We move on to kids. Lynch’s daughter Jennifer wrote and directed her own film, Boxing Helena, aged just 19.  It’s about a woman whose limbs are cut off one by one by her adoring but possessive boyfriend in order to keep her by his side. Sherilyn Fenn played the lead after Kim Basinger walked off the project, for which Basinger was successfully sued for millions. Money well spent, imo. The film was so panned that Jennifer didn’t direct another for 25 years.

Jennifer was quoted as saying that even her dad found the film offensive, which takes some doing. I ask Lynch about this, and he denies it: “But it should perhaps have been a small film that found its way. The way it turned out, it just set her up for a fall.”

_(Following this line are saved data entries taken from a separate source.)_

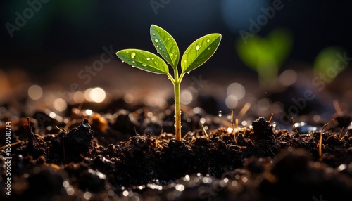 Tallo joven con hojas verdes brotando de la tierra, imagen vibrante para representar resiliencia, crecimiento y renovación natural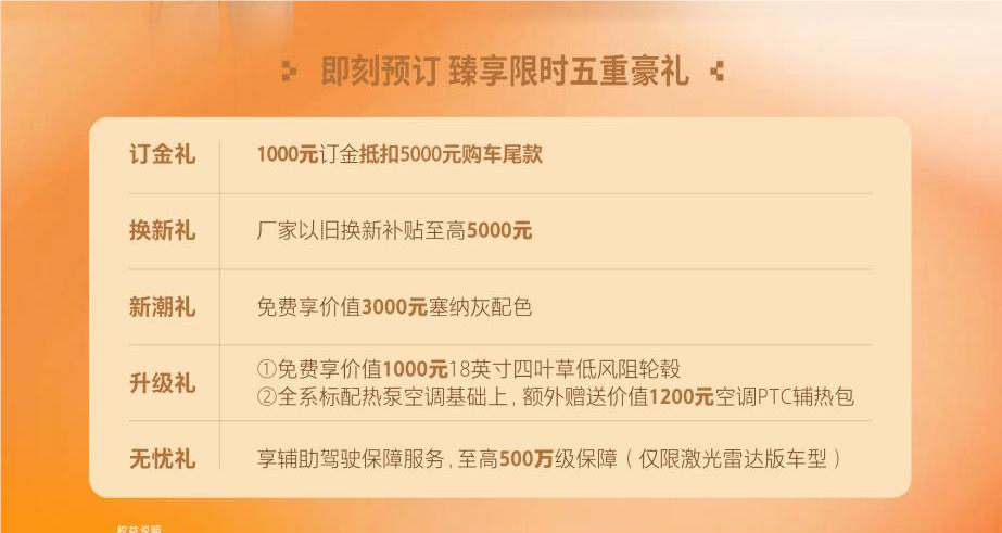 預(yù)售期間,歐拉5以“誠(chéng)意加碼”策略吸引消費(fèi)者:原“1000元訂金抵3000元購車尾款”權(quán)益升級(jí)為“1000元抵5000元”,且覆蓋前期已下訂用戶,有效期持續(xù)至上市發(fā)布會(huì)當(dāng)日。下訂用戶可享至高5000元廠家以舊換新補(bǔ)貼,以及塞納灰車漆、18英寸四葉草低風(fēng)阻輪轂、空調(diào)PTC輔熱包等價(jià)值超5000元的配置禮包。算上訂金禮后,激光雷達(dá)版本實(shí)際入手價(jià)僅需12.88萬元起,并附帶至高500萬級(jí)輔助駕駛保障服務(wù),這一組合拳在同價(jià)位車型中頗具殺傷力。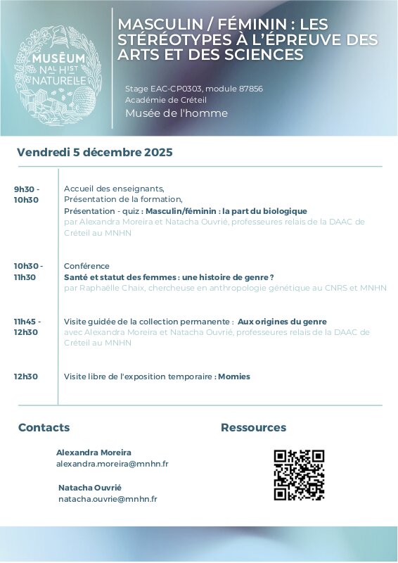 Programme après-midi : Musée du Quai Branly14h15 : rendez-vous14h30-15h Présentation du musée et des ressources15h-16h : Visite guidée Masculin/Féminin16h15-17h : Intervention Stephanie Leclerc Caffarel sur le genre en Océanie

Lynch’s first film, Eraserhead, made over a seven-year period, was about a father terrorised by a mutant baby that cries like a bleating sheep. It was directly inspired by his becoming a father to Jennifer. So… um… how did she react to that?

“Jennifer was eight when it was finished,” says Lynch, unperturbed. “She saw it. She was right there. Yeah, I think she got it…”

Read part two of the interview, in which I play a game of “hot or cold” with David Lynch to explain Lost Highway.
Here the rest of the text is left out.